Dilihat : 47 kali

ARAH BAIK - Presiden Rusia, Vladimir Putin menyatakan bahwa operasi militernya di Ukraina bisa disetop dengan syarat Kyiv berhenti melawan dan menuruti permintaan tuntutan Moskwa.

Pendapat tersebut diutarakan oleh Putin pada saat berbincang dengan Presiden Turki, Recep Tayyip Erdogan.

Layanan pers Kremlin, dikutip melalui media Rusia TASS, Minggu (6/3/2022), memberitakan perbincangan kedua pemimpin negara tersebut.

“Vladimir Putin menginformasikan mengenai kemajuan operasi militer khusus dengan tujuan melindungi Donbass, menyampaikan pendekatan dan penilaian utama pada konteks ini, menjelaskan secara rinci tujuan dan tugas yang ditetapkan,” kata Kremlin.

“Ditekankan bahwa operasi khusus berjalan sesuai dengan Rencana dan sesuai jadwal,” sambung Kremlin, sebagaimana dikutip dari TASS.
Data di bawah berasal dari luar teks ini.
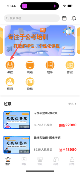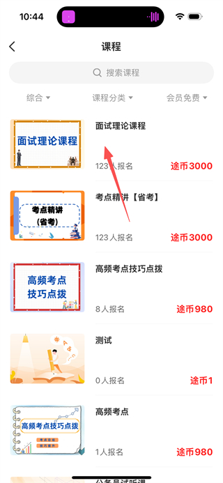 1、进入途岸教育后,点击课程选项,可进入课程列表页面。

Dalam perbincangannya, pemimpin Rusia tersebut menginformasikan kesiapan pihak Rusia untuk berdialog kepada pihak berwenang Ukraina serta mitra asing dengan tujuan menyelesaikan konflik.

Kremlin menuturkan bahwa setiap upaya proses negoisasi yang gagal dimanfaatkan tantara Ukraina untuk mengumpulkan kembali kekuatan dan sarananya.

“Sehubumgan dengan itu, ditegaskan bahwa penghentian operasi khusus hanya dimungkinkan jika Kyiv menghentikan aksi militer dan memenuhi tuntutan Rusia yang telah dibuat dengan sangat jelas,” tutur Kremlin.

Di lain sisi, Presiden Ukraina, Volodymyr Zelensky menuturkan bahwa dia berbincang lewat telepon dengan Presiden AS, Joe Biden.

Keduanya mendiskusikan mengenai dukungan keuangan serta saksi pada Rusia pada saat negaranya menghadapi serangan yang bertubi-tubi.

“Sebagai bagian dari dialog terus-menerus, saya melakukan percakapan lain dengan @POTUS,” twit Zelensky, me-mention akun Twitter Presiden AS.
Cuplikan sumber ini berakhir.